3a. I admit that /T/, /D/, /R/ and /w/ are probably necessary. We can also assume, that German speakers speak sufficiently good English as to not mispronounce them as /s/, /z/, /r/ and /v/ any more. Whether we need them now or later is a matter of procedure and we should probably include them right from the start.

3b. At the same time, I am very unsure about /L/. I don't even know what it is. For American and British English, SAMPA only defines /l/. SAMPA-/L/ is defined as in Italian "famiglia". I don't think this is meant in the BITS paper. The BITS paper seems to use it to properly pronounce American English palatalized /l/ as in "well" without a German accent. I do not think, that Germans (while talking German) correctly distinguish these two sounds. Also, Germans who learned British instead of American pronunciation will not palatize /l/. Thus, I do not think, that we should add /L/ to our phoneme set.

3c. The diphthongue /@U/ (as in British English "nose") is definitely not accounted for in our system. On the other hand, "nose" is transcribed /n o z/ in American English. Again, Germans speaking German will likely stay within the range of their native vowel system. We should ignore /@U/ and instead transcribe it as /o/.

3d. The diphthongue /EI/ occurs in German colloquial speech ("Hey", "ey", "e-bay", ...). But how does it differ from the two constituting vowels next to each other: /E I/? I am thinking hard about examples, but I really cannot find a word that contains /E/ and /I/ next to each other (for example at a syllable boundary) and that would sound different with the diphthongue /EI/.
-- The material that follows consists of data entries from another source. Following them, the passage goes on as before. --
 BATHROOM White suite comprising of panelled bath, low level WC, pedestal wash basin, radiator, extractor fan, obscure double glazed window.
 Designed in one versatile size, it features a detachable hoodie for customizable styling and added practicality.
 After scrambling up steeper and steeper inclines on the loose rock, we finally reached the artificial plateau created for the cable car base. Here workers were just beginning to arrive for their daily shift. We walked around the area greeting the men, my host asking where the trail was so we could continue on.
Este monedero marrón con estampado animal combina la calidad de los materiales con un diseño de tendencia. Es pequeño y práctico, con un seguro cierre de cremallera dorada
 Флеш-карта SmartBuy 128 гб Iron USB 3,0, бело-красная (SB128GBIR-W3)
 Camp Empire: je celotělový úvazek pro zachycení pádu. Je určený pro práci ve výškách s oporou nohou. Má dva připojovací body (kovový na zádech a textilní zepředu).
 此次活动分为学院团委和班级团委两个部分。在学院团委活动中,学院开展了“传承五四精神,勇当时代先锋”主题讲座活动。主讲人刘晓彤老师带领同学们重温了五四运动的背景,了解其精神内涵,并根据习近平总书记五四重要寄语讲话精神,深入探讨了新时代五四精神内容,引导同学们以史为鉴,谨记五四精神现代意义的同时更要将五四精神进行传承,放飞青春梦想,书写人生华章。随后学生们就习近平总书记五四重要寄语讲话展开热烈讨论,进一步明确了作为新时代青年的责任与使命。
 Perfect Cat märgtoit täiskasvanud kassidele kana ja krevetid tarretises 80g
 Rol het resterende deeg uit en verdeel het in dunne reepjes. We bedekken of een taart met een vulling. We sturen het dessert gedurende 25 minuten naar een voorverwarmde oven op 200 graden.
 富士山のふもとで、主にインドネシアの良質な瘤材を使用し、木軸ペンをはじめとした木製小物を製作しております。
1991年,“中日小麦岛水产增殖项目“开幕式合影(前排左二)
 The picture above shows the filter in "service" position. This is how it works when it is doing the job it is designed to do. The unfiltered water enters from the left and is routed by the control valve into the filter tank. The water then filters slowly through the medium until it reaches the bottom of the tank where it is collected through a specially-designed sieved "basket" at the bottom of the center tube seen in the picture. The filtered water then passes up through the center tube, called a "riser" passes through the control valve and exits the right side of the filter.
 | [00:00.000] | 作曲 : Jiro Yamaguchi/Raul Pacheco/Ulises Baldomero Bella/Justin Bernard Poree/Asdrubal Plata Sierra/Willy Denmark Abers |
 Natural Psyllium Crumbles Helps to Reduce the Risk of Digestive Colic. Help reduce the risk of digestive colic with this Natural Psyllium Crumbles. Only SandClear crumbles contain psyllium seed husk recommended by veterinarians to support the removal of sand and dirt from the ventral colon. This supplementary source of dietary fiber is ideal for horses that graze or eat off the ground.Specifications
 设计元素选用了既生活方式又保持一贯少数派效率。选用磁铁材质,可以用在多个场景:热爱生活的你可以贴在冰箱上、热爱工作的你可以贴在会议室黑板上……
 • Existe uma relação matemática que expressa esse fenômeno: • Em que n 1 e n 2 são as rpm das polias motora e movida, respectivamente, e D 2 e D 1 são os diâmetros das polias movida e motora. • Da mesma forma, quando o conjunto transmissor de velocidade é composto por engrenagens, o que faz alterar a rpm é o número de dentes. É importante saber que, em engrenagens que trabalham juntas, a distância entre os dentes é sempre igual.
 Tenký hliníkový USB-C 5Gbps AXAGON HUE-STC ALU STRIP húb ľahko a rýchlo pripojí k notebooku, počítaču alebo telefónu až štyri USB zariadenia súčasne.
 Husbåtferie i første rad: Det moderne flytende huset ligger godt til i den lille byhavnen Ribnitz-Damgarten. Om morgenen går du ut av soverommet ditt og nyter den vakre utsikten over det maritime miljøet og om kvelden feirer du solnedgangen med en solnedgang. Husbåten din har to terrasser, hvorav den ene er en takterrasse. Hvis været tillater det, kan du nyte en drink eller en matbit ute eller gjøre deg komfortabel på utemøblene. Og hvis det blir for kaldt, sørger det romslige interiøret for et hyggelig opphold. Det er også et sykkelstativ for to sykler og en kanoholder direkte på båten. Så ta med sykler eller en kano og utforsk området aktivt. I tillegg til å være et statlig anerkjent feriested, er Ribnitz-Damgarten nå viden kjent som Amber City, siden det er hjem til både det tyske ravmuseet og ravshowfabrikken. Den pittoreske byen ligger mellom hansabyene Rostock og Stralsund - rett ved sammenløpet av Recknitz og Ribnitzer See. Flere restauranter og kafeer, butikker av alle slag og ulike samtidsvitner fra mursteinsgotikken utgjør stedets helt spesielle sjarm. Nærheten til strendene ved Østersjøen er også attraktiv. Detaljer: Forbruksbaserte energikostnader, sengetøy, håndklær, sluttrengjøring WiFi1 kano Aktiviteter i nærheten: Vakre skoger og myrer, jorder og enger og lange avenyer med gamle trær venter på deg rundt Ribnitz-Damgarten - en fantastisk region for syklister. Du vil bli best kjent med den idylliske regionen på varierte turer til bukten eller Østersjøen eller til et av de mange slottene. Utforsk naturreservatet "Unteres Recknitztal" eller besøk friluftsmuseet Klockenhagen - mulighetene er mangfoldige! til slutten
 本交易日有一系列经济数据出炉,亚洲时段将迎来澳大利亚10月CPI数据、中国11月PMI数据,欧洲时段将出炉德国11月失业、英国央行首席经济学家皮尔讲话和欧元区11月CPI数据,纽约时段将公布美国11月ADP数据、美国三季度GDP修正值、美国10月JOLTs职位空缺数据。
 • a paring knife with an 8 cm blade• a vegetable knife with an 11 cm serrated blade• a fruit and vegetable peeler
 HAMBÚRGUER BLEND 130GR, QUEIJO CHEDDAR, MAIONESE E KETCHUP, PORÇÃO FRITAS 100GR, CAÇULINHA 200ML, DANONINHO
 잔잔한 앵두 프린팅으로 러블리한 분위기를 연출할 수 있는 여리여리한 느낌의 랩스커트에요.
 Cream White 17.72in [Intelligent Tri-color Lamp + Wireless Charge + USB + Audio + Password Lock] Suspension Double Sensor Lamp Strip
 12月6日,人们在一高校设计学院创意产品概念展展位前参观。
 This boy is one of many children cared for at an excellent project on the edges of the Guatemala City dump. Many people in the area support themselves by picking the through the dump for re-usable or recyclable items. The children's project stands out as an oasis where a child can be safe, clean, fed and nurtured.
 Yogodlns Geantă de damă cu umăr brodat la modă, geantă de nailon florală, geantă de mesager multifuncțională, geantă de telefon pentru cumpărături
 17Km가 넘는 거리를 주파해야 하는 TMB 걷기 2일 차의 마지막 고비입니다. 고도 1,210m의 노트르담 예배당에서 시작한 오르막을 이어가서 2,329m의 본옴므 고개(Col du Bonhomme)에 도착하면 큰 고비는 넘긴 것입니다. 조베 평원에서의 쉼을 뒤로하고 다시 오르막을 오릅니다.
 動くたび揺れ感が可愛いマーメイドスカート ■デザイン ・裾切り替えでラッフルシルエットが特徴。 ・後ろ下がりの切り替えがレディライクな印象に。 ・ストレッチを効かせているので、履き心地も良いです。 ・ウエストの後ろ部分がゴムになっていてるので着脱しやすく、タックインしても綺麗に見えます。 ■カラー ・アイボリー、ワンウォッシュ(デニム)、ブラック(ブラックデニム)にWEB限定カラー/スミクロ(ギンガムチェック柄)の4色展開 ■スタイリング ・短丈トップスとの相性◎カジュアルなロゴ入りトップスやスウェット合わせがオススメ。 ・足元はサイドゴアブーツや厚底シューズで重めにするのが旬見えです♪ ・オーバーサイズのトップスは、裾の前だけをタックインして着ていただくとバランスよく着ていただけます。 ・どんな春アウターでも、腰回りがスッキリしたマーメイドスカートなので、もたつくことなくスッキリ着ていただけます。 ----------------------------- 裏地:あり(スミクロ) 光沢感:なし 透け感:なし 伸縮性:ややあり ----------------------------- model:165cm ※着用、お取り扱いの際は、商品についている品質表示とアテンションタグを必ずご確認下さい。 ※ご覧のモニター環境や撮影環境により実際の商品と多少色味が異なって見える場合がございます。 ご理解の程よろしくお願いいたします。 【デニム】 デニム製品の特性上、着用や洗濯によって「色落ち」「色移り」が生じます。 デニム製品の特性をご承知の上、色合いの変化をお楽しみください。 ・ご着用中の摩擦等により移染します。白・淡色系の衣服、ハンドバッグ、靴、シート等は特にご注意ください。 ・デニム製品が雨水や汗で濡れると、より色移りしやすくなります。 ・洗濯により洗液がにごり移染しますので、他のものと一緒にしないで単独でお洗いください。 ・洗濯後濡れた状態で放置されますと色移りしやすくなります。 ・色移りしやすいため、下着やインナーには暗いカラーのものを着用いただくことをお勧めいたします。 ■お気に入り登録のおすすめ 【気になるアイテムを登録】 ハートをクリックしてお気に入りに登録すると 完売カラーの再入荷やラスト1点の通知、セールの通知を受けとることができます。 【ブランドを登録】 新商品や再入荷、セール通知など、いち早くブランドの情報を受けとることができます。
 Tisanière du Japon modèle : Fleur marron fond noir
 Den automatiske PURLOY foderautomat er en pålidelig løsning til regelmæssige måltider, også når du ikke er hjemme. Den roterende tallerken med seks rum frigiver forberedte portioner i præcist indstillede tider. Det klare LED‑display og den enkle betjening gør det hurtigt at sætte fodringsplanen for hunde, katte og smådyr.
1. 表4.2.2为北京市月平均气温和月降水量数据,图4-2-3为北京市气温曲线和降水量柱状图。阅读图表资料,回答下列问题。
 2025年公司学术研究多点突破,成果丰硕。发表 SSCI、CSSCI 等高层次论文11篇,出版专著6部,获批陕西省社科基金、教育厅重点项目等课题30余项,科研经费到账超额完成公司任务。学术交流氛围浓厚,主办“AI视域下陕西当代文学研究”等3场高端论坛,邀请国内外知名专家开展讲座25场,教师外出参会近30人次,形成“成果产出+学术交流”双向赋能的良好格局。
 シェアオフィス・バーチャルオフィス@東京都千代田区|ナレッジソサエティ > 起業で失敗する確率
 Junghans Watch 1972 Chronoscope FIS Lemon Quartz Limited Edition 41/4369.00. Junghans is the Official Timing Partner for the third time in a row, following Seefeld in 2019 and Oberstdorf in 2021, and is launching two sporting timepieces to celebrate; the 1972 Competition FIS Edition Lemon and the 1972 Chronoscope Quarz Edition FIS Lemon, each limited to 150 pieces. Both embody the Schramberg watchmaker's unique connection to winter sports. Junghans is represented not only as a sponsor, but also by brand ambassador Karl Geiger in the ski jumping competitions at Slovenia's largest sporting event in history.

3e. For the nasals /a~/, /E~/, /o~/ and /9~/ (the latter in addition to BITS) I am quite unsure: Who ever says /p a r f 9~/ (for "Parfum")? I say /p a @ f y m/ while talking German. I say /r E s t o: r a N/ and I say /z @ z O N/. I never say the funny word "teint" for the color of my skin (this is in part due to the fact, that /E~/ is just outside the scope of my German vowel system and I don't know how else to pronounce the word). There *are* people that talk 'correctly', but I think we would not even improve recognition rates for them, because of the additional ambiguity due to the extra phonemes in our models. There wouldn't be enough data to reliably train these phonemes either. This is especially true for the phoneme /E~/ which on the other hand would be the most valuable, because there is really no other way to say things like "teint". To sum it up: I'd say we stick to the best matches in the table. Then again: Does anybody have experience with ASR and nasalization? How different are the feature vectors? Do we probably *have* to model all the nasals if we ever expect nasalized vowels in our input?